По иронии судьбы Сара Ландау умерла потому, что вела себя в точном соответствии с теми советами, которые давала другим. Это случилось весной, когда «хорошая-хозяйка-дома» должна сменить зимнее одеяло на летнее и проветрить оба: одно просыпается от своей зимней спячки, проведенной в сундуке для постельного белья, а другое готовится к сладкому сну на антресолях. Сара повесила одеяла на бельевые веревки, и, когда наклонилась, чтобы расправить складку, оставшуюся на пикейной ткани, ее ноги поехали назад по полу, натертому накануне воском, — как положено натирать всякой «хорошей-хозяйке-дома» не реже, чем дважды в год. Сара упала вперед, ее руки судорожно схватились за одеяло, тяжелое тело провалилось между веревками, пробило навес над лавкой на первом этаже и рухнуло на землю. Высота была не очень большой, но ее голова ударилась о каменный уступ тротуара, и череп раскололся.

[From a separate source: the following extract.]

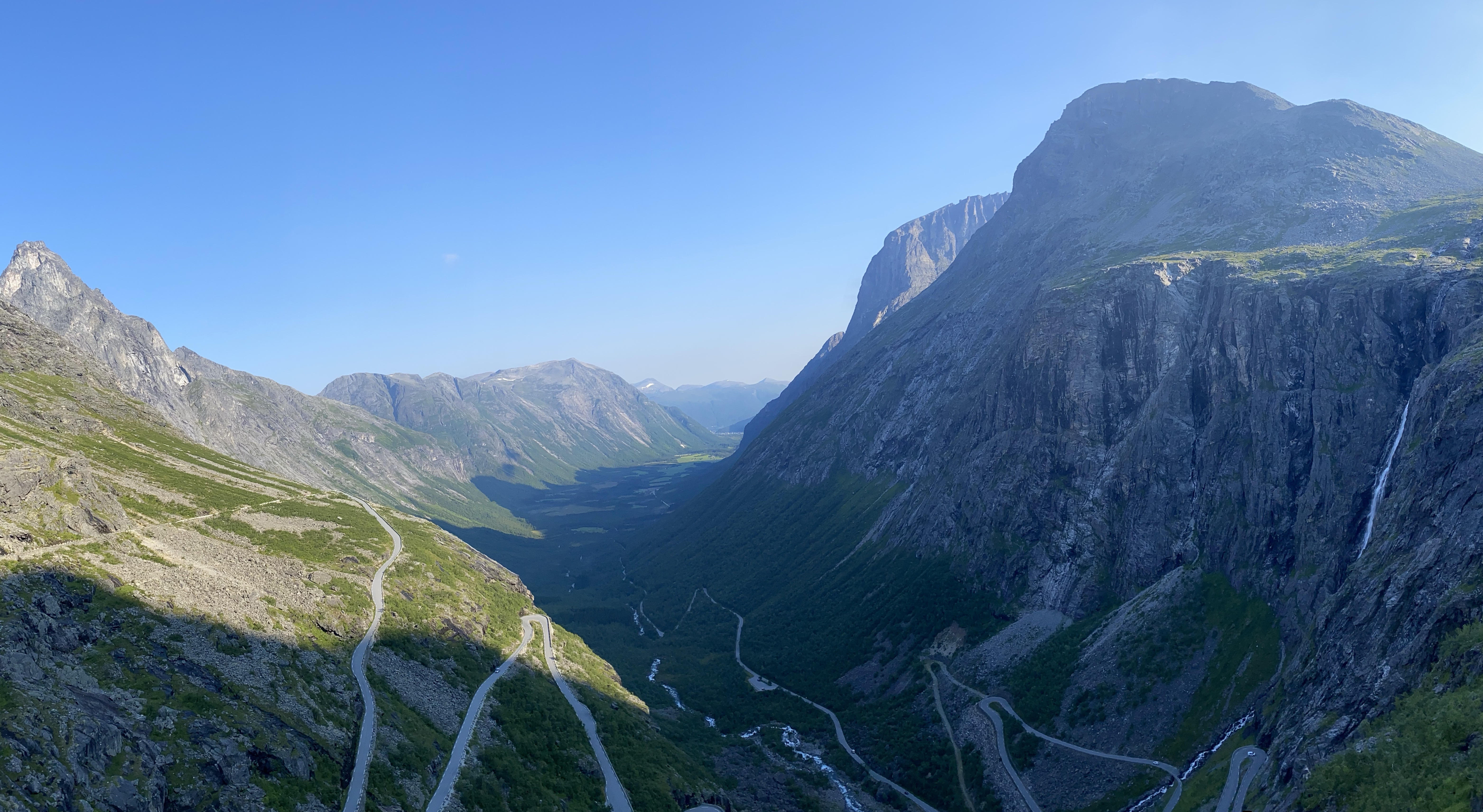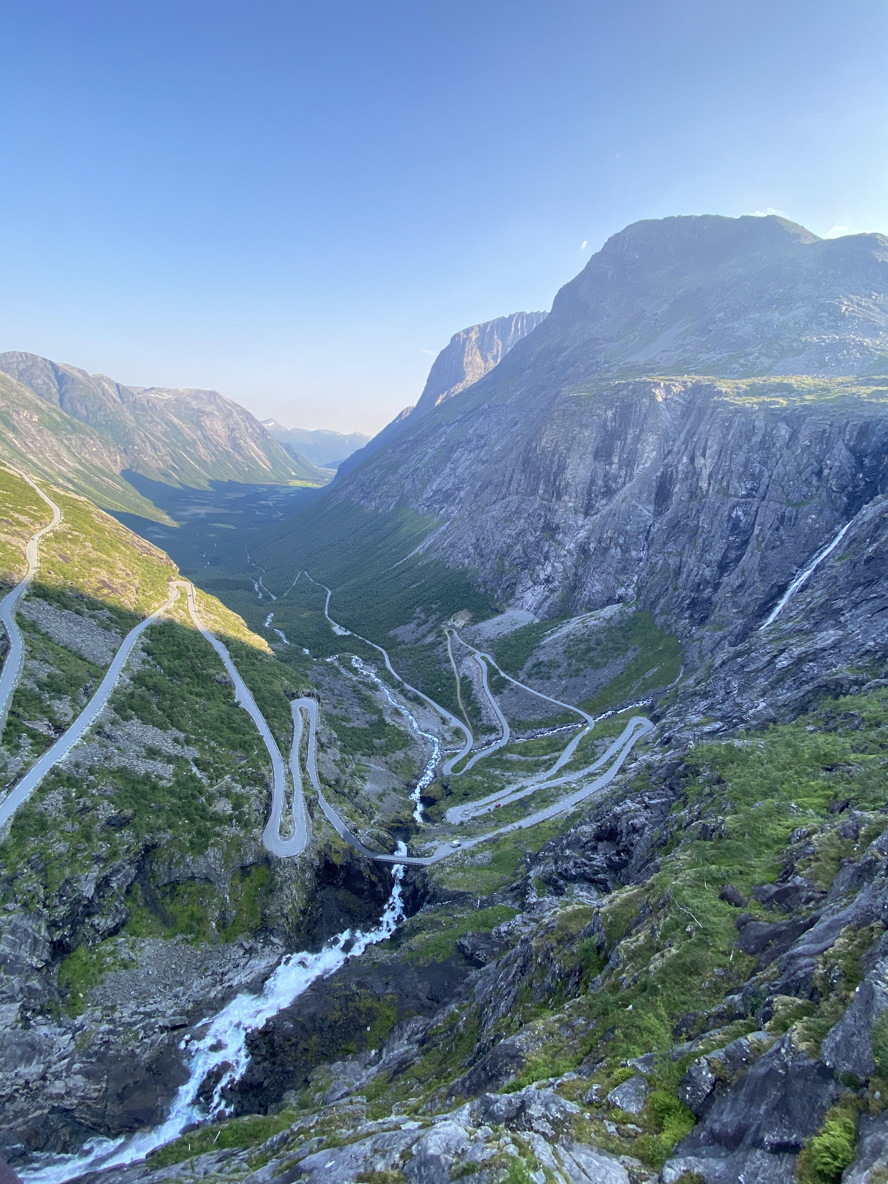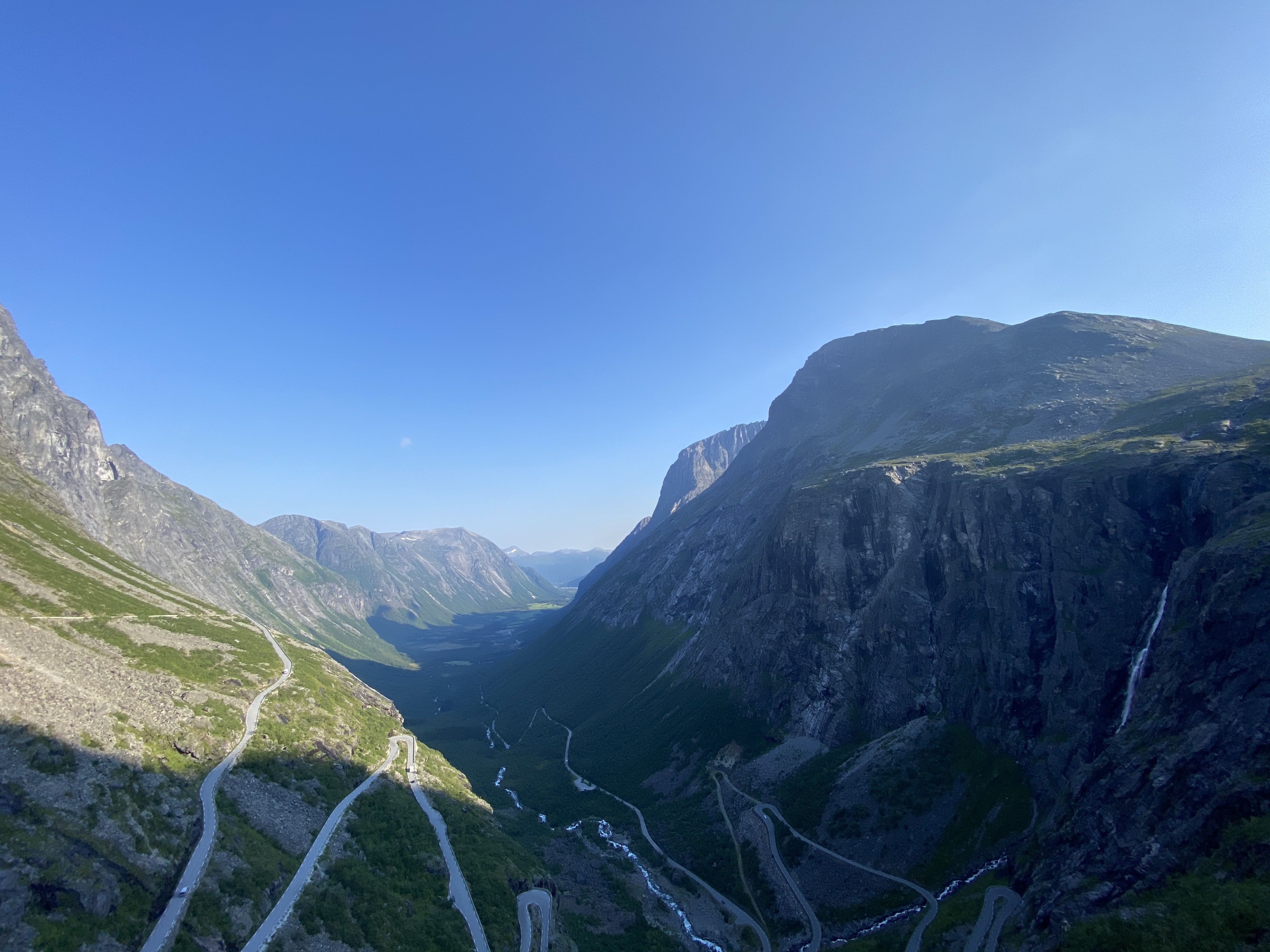 Nachdem wir heute morgen nach dem Aufwachen das Rauschen des Flusses und die Glocken einiger Schafe hörten, starteten wir mit unserem morgendlichen Ablauf zum Start in den Tag und machten uns dann auch schon auf den Weg. Bis zum Anfang der Trollstigen waren es nur 10 Minuten Fahrt. Zunächst nutzten wir noch den Ausblick von oben, um dann die kurvenreiche steile Strecke hinunter zu fahren. Vorher hatten wir darüber einiges gelesen, für einen sicheren und souveränen Fahrer ist es aber offensichtlich gut machbar. Unten angekommen gab es auch wieder einen kurzen Drohnenflug.

Гирш был на репетиции, и, когда к нему прибежали с сообщением, он встал, стер со скрипки пот от подбородка, аккуратно уложил ее в чехол и глубоко вздохнул. Разумеется, он был опечален, нет сомнения, искренне опечален, у него даже, как он с удивлением отметил, перехватило дыхание, но сердце его, независимое и ликующее, наполнилось радостью. Первый этап исполнения давнего уговора завершился, первое препятствие на его пути к Амуме было удалено, он наконец-то получил награду за свою надежду и за дни ожидания.
Он поспешил в больницу, и там, в мертвецкой, из его груди вырвался страшный крик:
— Камни! Где камни?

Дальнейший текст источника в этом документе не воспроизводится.